= About this task =
An exact, complete printout of the listing is wanted, minus its images.

= Data section =
━━━━━━━━
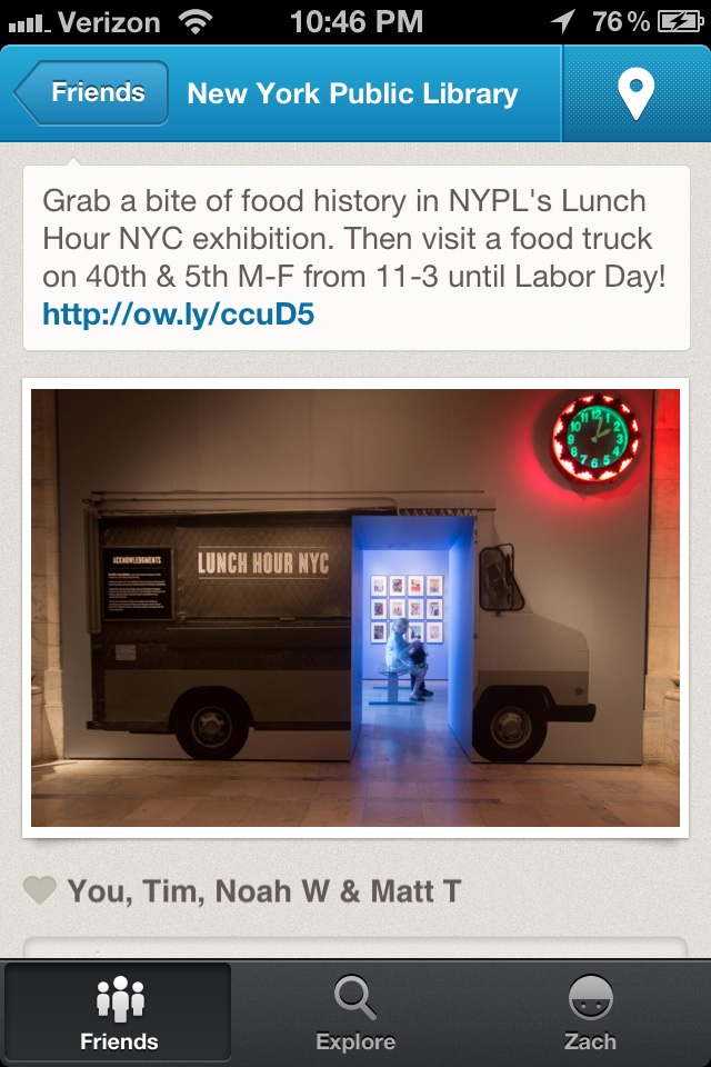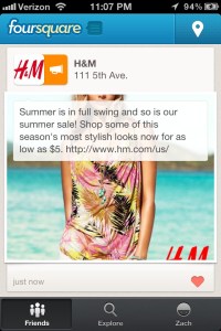 So, I could “like” my favorite cafe in Seattle on Foursquare and receive updates on its daily specials while I’m in town. But when I’m back home in San Francisco, its updates won’t fill up my Foursquare feed.
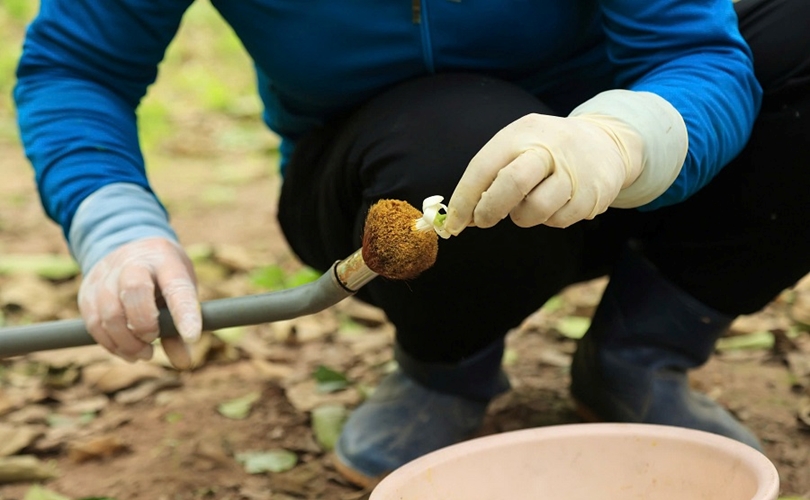 Người làm vườn dùng chổi lông để lấy phấn, khi chổi lông đã phủ đầy phấn hoa, họ bắt đầu thụ phấn trực tiếp cho các nụ hoa.
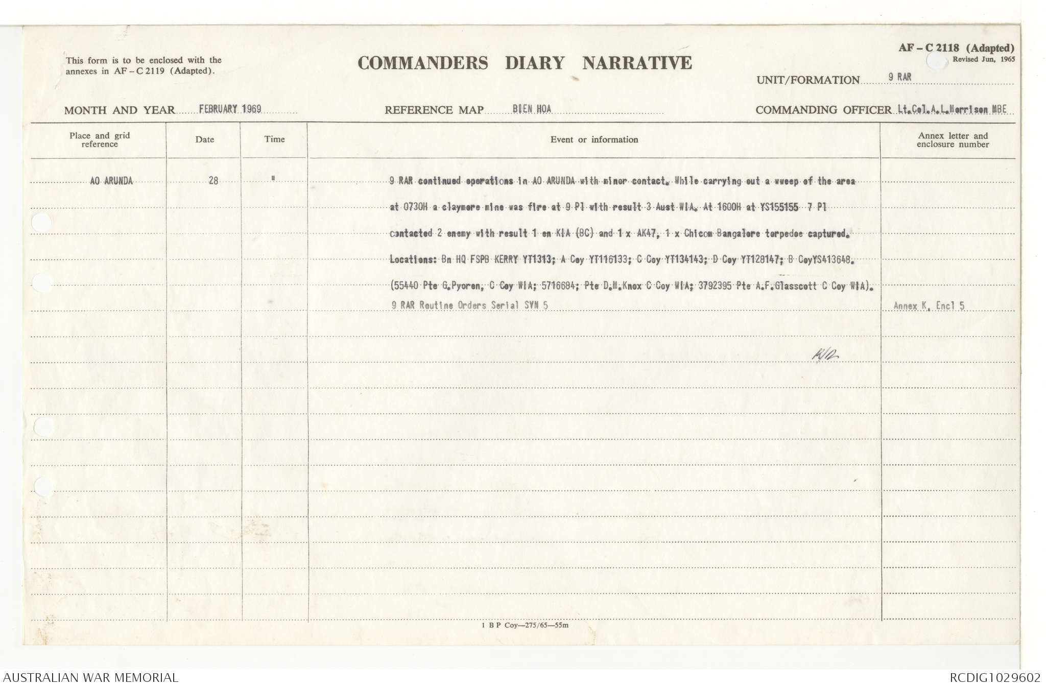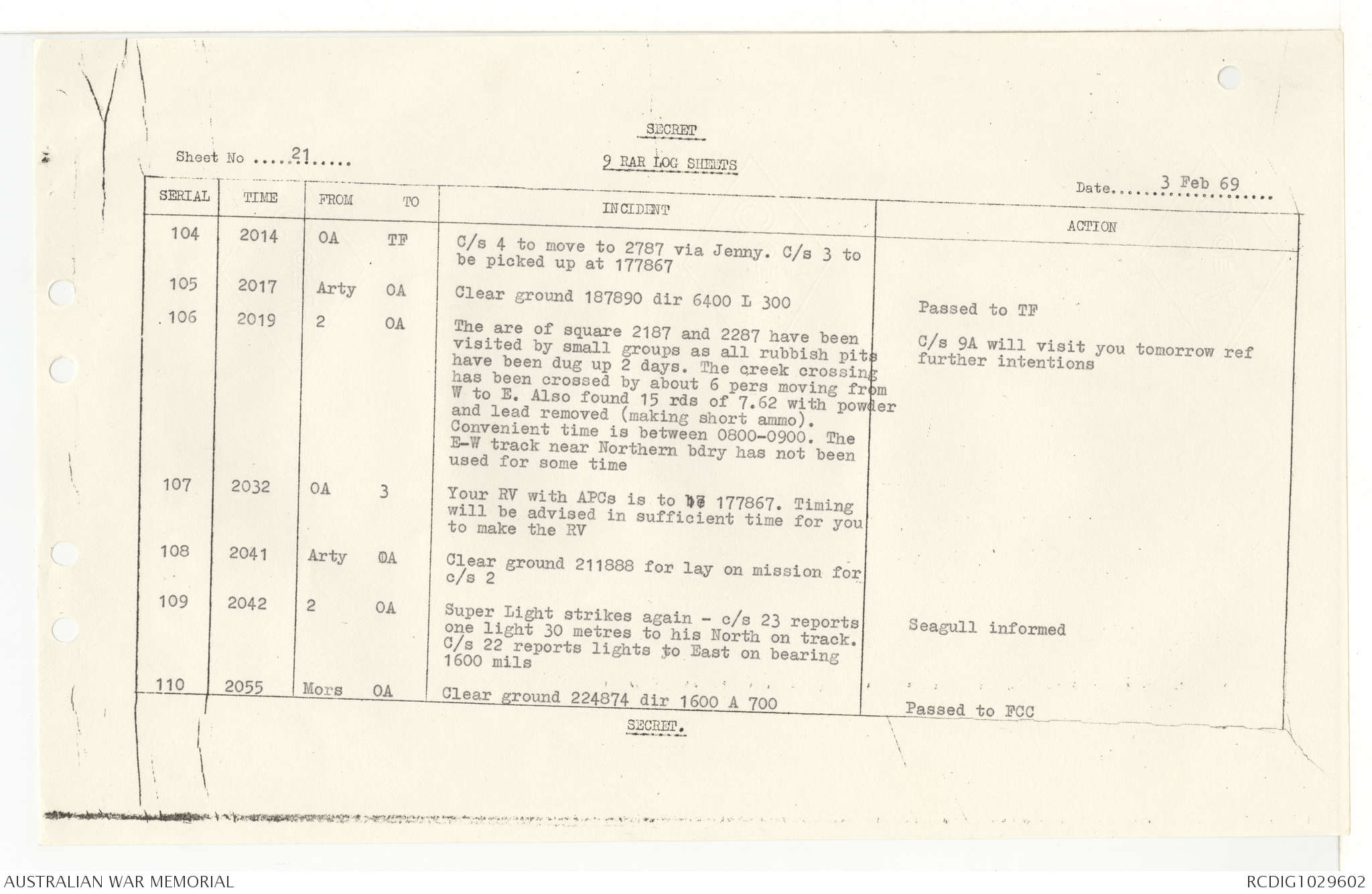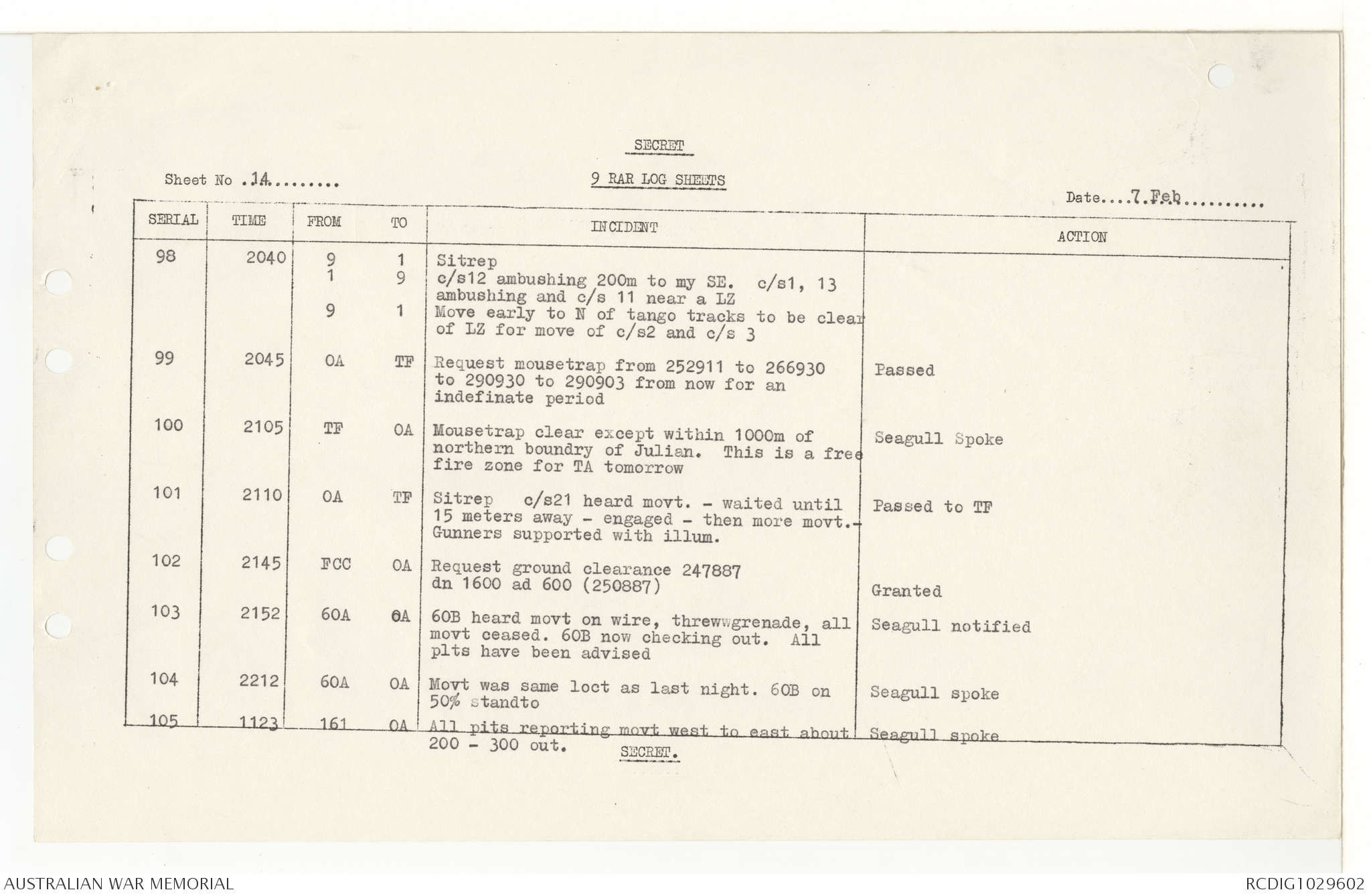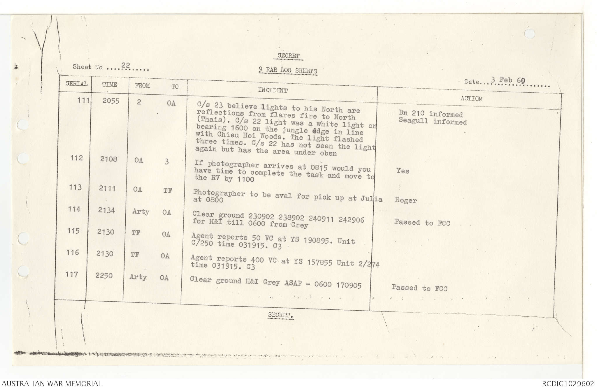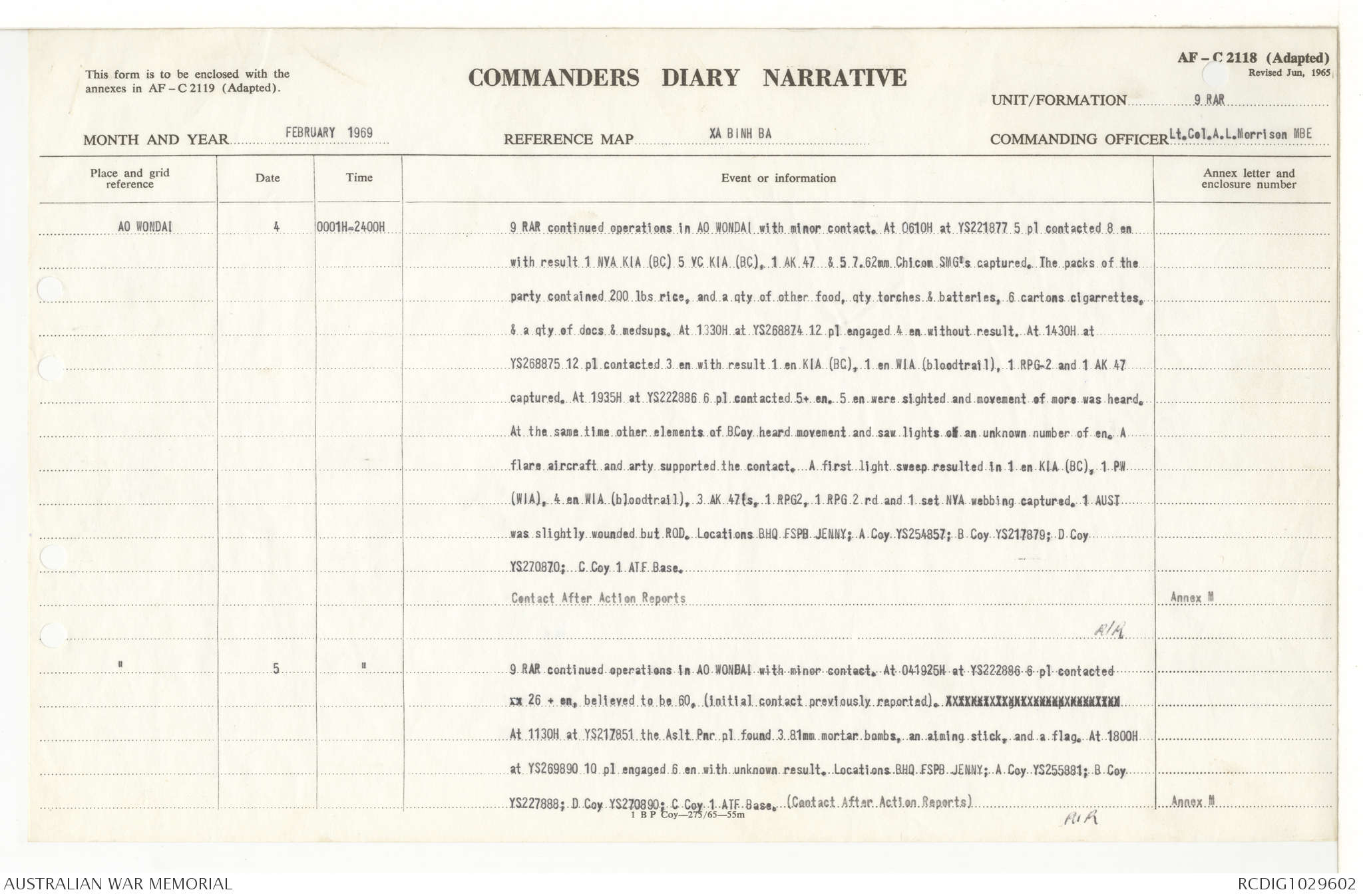 AWM95 7/9/11 - 1-28 February 1969, Narrative, Operations log
━━━━━━━━
= Finished task =
 So, I could “like” my favorite cafe in Seattle on Foursquare and receive updates on its daily specials while I’m in town. But when I’m back home in San Francisco, its updates won’t fill up my Foursquare feed.
 Người làm vườn dùng chổi lông để lấy phấn, khi chổi lông đã phủ đầy phấn hoa, họ bắt đầu thụ phấn trực tiếp cho các nụ hoa.
 AWM95 7/9/11 - 1-28 February 1969, Narrative, Operations log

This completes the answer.